Si hasta ahora la nueva Europa tenía en la vieja los anclajes de los antiguos imperios -Francia, Inglaterra, España, Portugal, Italia- la deriva del Reino Unido y su especialísimo Brexit dan la vuelta a la tortilla (española, por supuesto) y deja en evidencia la inconsistencia de una asociación basada exclusivamente en los intereses comerciales no siempre bien definidos y, menos, entendidos.

Hay quien considera que la salida del Reino Unido del corpus comunitario va a deparar nuevas oportunidades para España y, supuestamente, Portugal en materia pesquera. Es probable. Pero mucho me temo que esto no sea otra cosa que una simple especulación más de cara a un nuevo rapto de esa Europa que ya no cuenta con Zeus para recluirla en Creta.

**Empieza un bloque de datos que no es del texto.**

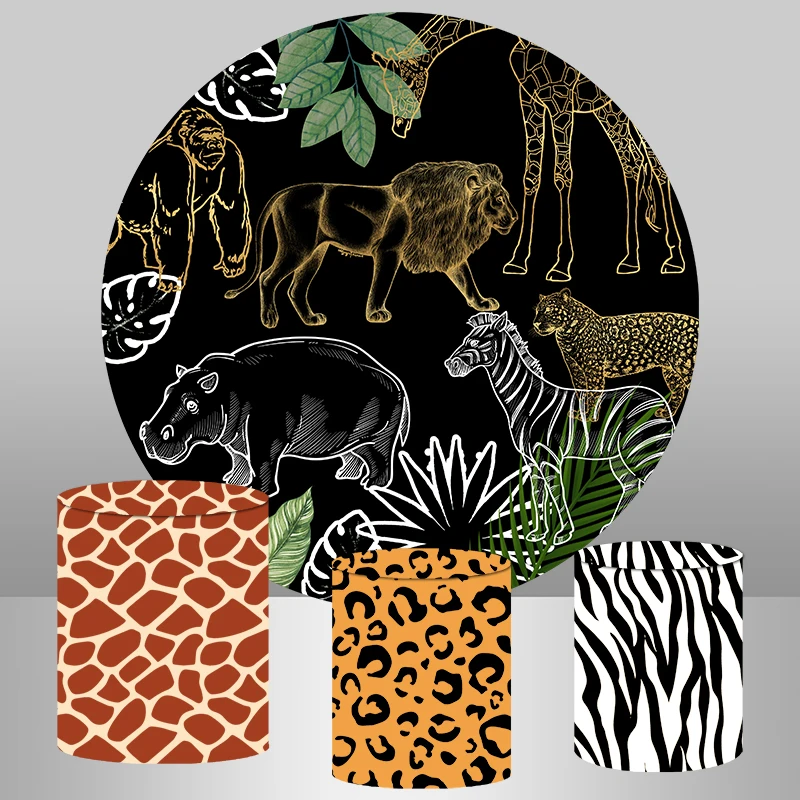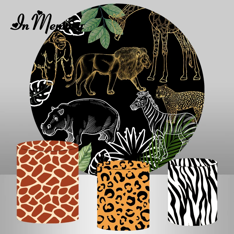 InMemory круглые чехлы с изображением животных, сафари, джунглей вечерние, для мальчиков, диких, один день рождения, фон для фотографий, индивидуальные чехлы
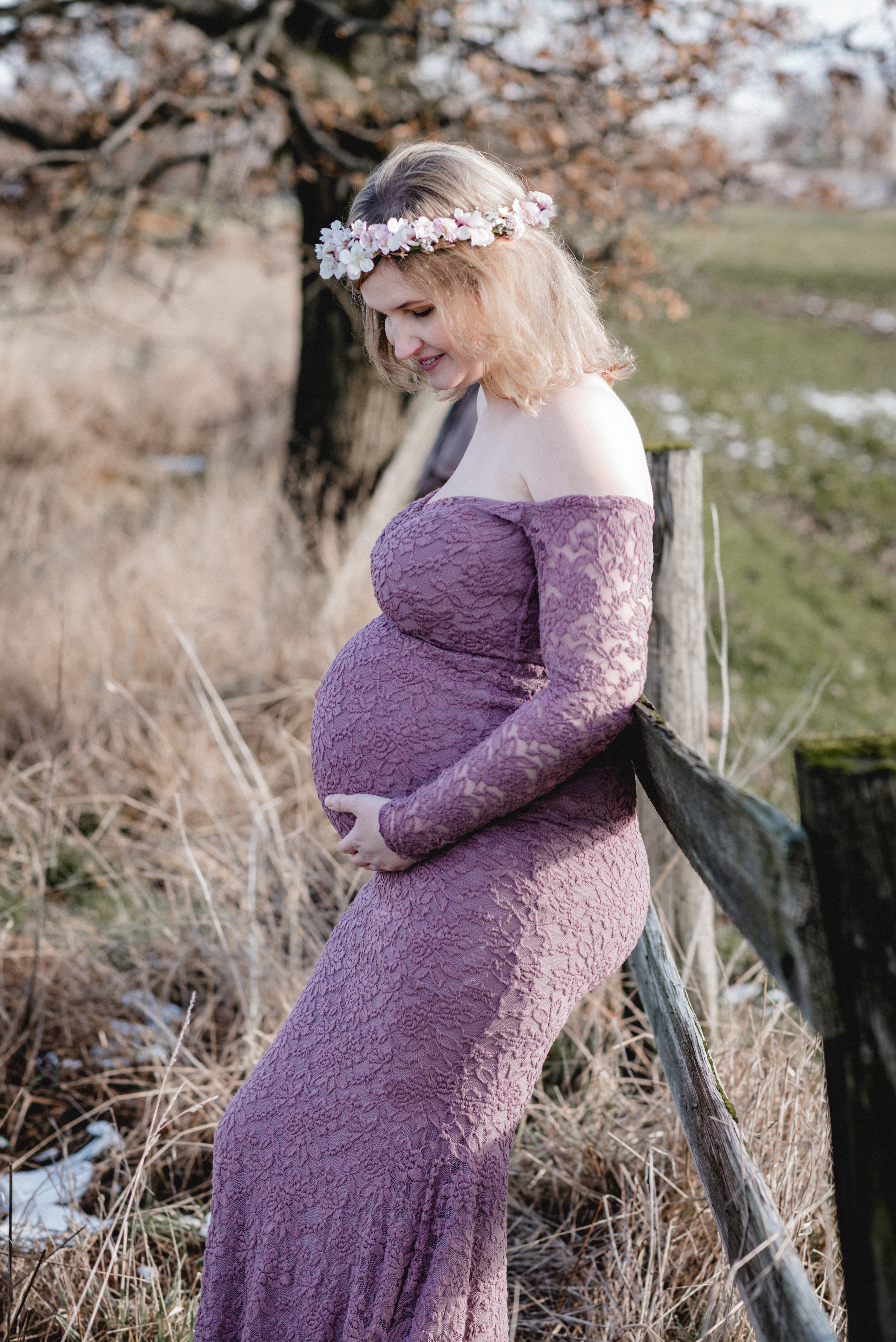 Am Wochenende gehen mein Mann und ich gerne mal eine Runde mit unserer Tochter spazieren, um einfach mal den Kopf frei zu bekommen und was anderes als die eigenen 4-Wände zu sehen. Denn ehrlich gesagt, sind wir unter der Woche doch sehr viel bei uns zu Hause – wenn auch oft im Garten, aber bei einem Spaziergang in der freien Natur kann man doch noch einmal ganz anders abschalten. Und dabei suchen wir uns auch immer mal wieder neue Ecken und Gegenden aus, denn vielleicht entdecke ich hier und dort doch mal wieder ein schönes Fleckchen für meine Outdoorshootings. So auch an einem Sonntag, ich war hin und weg von der Wiese mit seinem großen üppigen Baum und dem alten Holzzaun. Und dieser hübschen Schwangeren gefiel diese auch sehr gut, so dass mein nächstes Babybauchshooting mit ihrer kleinen Familie also dort stattfand 🙂
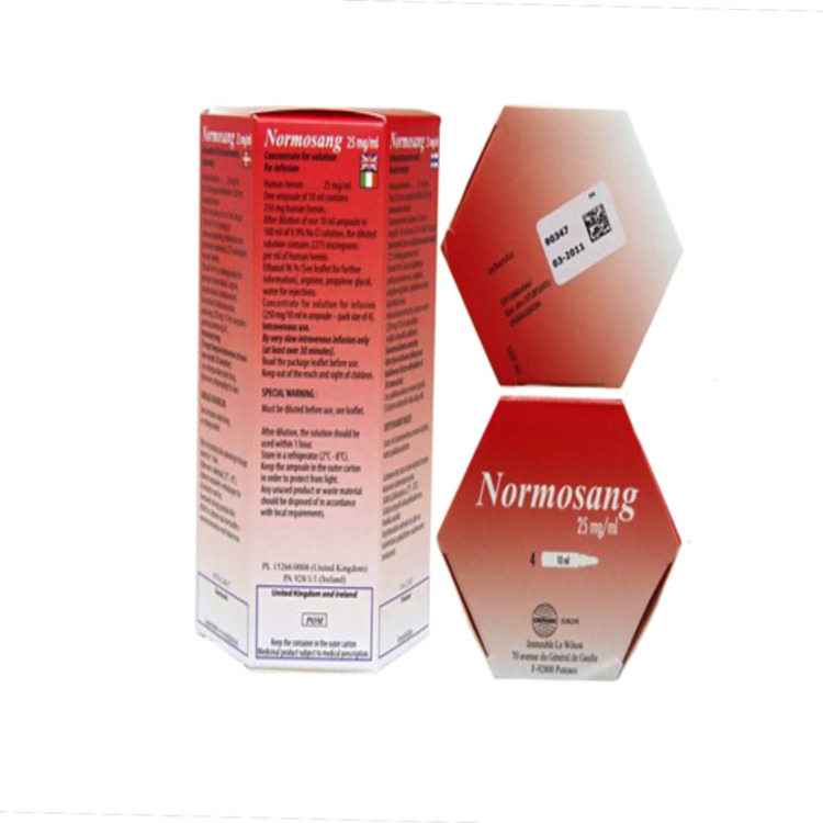 Гемин человека (Hemin) – это форма гемина, полученная из человеческого гемоглобина. Он восполняет недостаток гема при острых приступах порфирии, что приводит к снижению выработки токсичных предшественников порфиринов в печени и ослаблению симптомов заболевания.
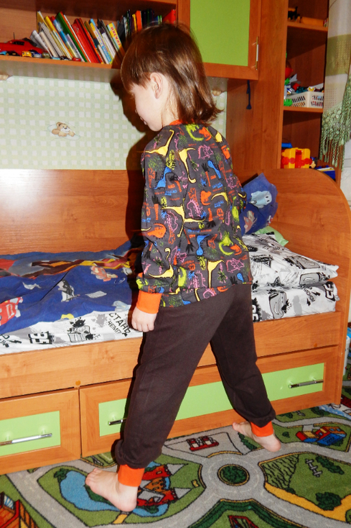 Ну и последняя - кофточка из кулирки х/б. Остались у нас от пижамы штаны, верх мы где-то протеряли (скорее всего на даче забыли). Я их удлинила на манжет, а то стали коротковаты чуть-чуть и сшила к ним новый верх. Выкройка та же.
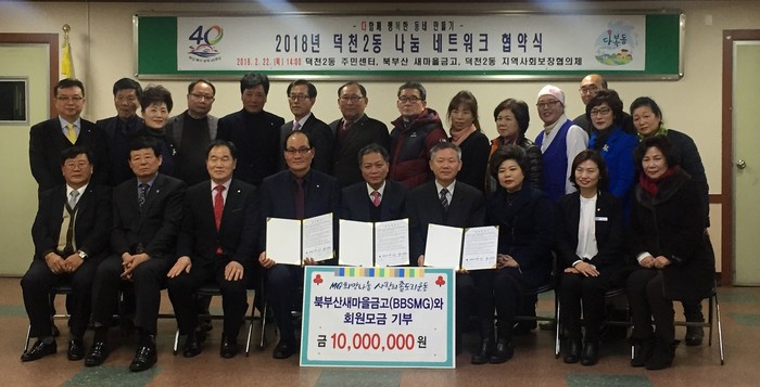 [로컬세계 맹화찬 기자]부산시 북구 덕천2동(동장 배수현)은 지난 22일 북부산새마을금고(이사장 박태익)와 나눔네트워크 협약식을 갖고 성금 1000만원을 기탁받았다.
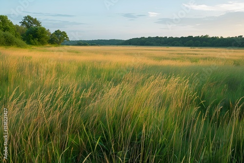 Fototapeta premium Empty golden field with tall grass glowing under sunset, peaceful countryside...
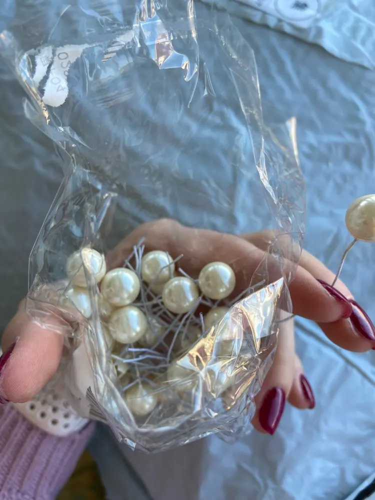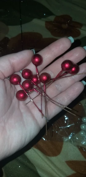 Я немного расстроена, пришло 49 шт. Одна тычинка с браком. И оттенок цвета не совсем совпадает с фото. Так что цена-качество на «4». Доставка быстрая, прокрас ягод хорошее, красивый перламутр.
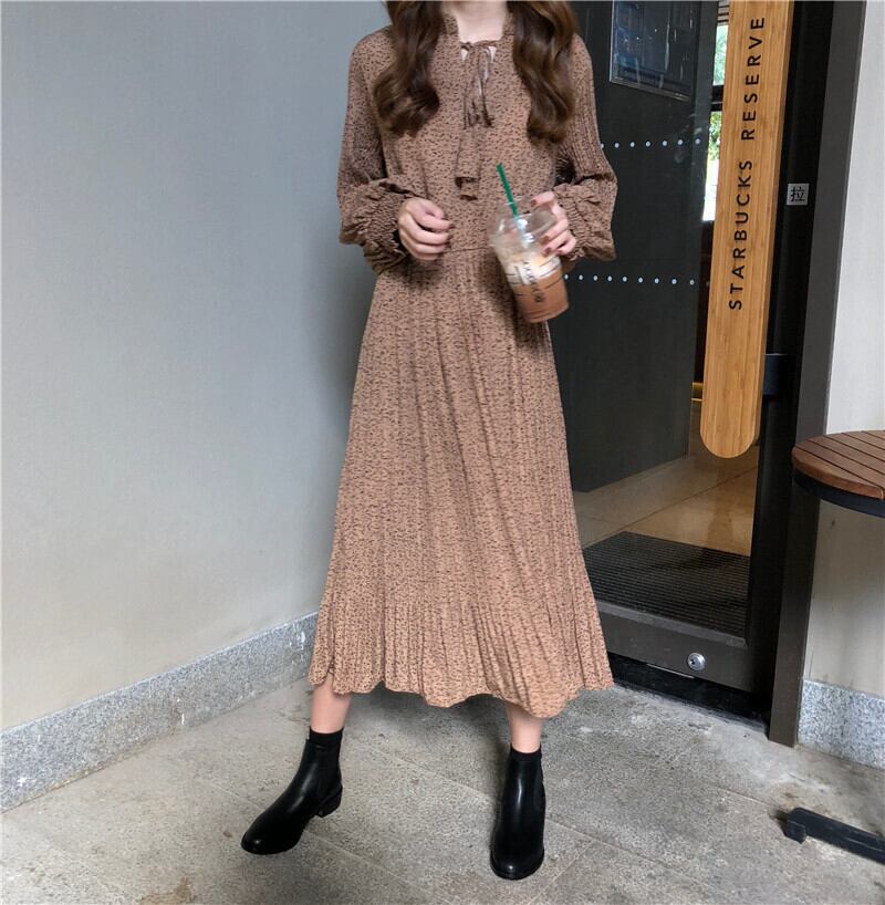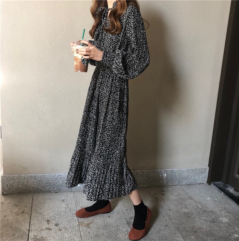 小花柄風 シフォン ワンピース 長袖 ミモレ丈 プリーツワンピ ウエストゴム Aライン マオカラー 落ち感 きれいめ 上品 フェミニン 大人かわいい お出かけ デート お呼ばれ 秋 RB-A09-0033
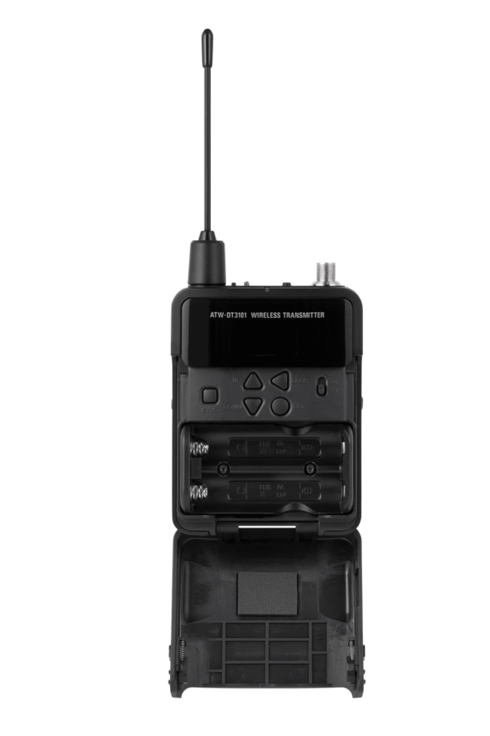 ATW-DT3101 body pack -lähettimessä on nelinapainen lukitusliitin ja 80Hz/120Hz/160Hz ylipäästösuodatin. Body pack -lähettimessä on myös sama käsilähettimistä tuttu monitoimipainike.

Las estructuras orgánicas de la UE apenas pierden de vista los postulados de la antigua CEE. Son esas estructuras perjudiciales a todas luces para una España que ya no es imperio a pesar de ser la cuarta economía de la zona euro y el primero de los estados miembros en materia pesquera (con una comunidad autónoma, Galicia, que es la región europea más importante en lo que a pesca se refiere). Y contra esas estructuras debe centrar España sus planteamientos cuando a la hora de sentenciar el divorcio del Reino Unido, la Unión Europea reasigne funciones y dependencias, partidas y contrapartidas. También en lo que hace referencia al sector pesquero, en el que el Gobierno español debe hacer valer su condición de portavoz de un Estado miembro sin el cual la unidad pesquera no es tal y, por tanto, la Política Pesquera Común no tiene sentido.

Que el Reino Unido va a negociar con la vieja nueva Europa las condiciones de su abandono de hogar es algo que nadie duda. Y que va a negociar con todo lo que su añeja historia le permite, tampoco. De ahí que España -tan vieja como el Reino Unido y con tanta historia como este en materia marítima y más que ellos en materia pesquera, aunque carezca de aguas tan ricas como las de los vecinos de las islas- tenga la necesidad no solo de preparar sus argumentos, sino de azuzar en las instancias comunitarias a los negociadores para que, a la hora de la verdad, el reparto de las posibilidades pesqueras que deje el Brexit se decanten en favor de un estado con regiones muy dependientes de la pesca, con una tradición pesquera evidente y con aspectos muy perjudiciales -emanados de las negociaciones del acceso a la CEE- que la nueva Europa han venido arrastrando de la obsoleta Comisión Económica Europea, sin opciones de cambio.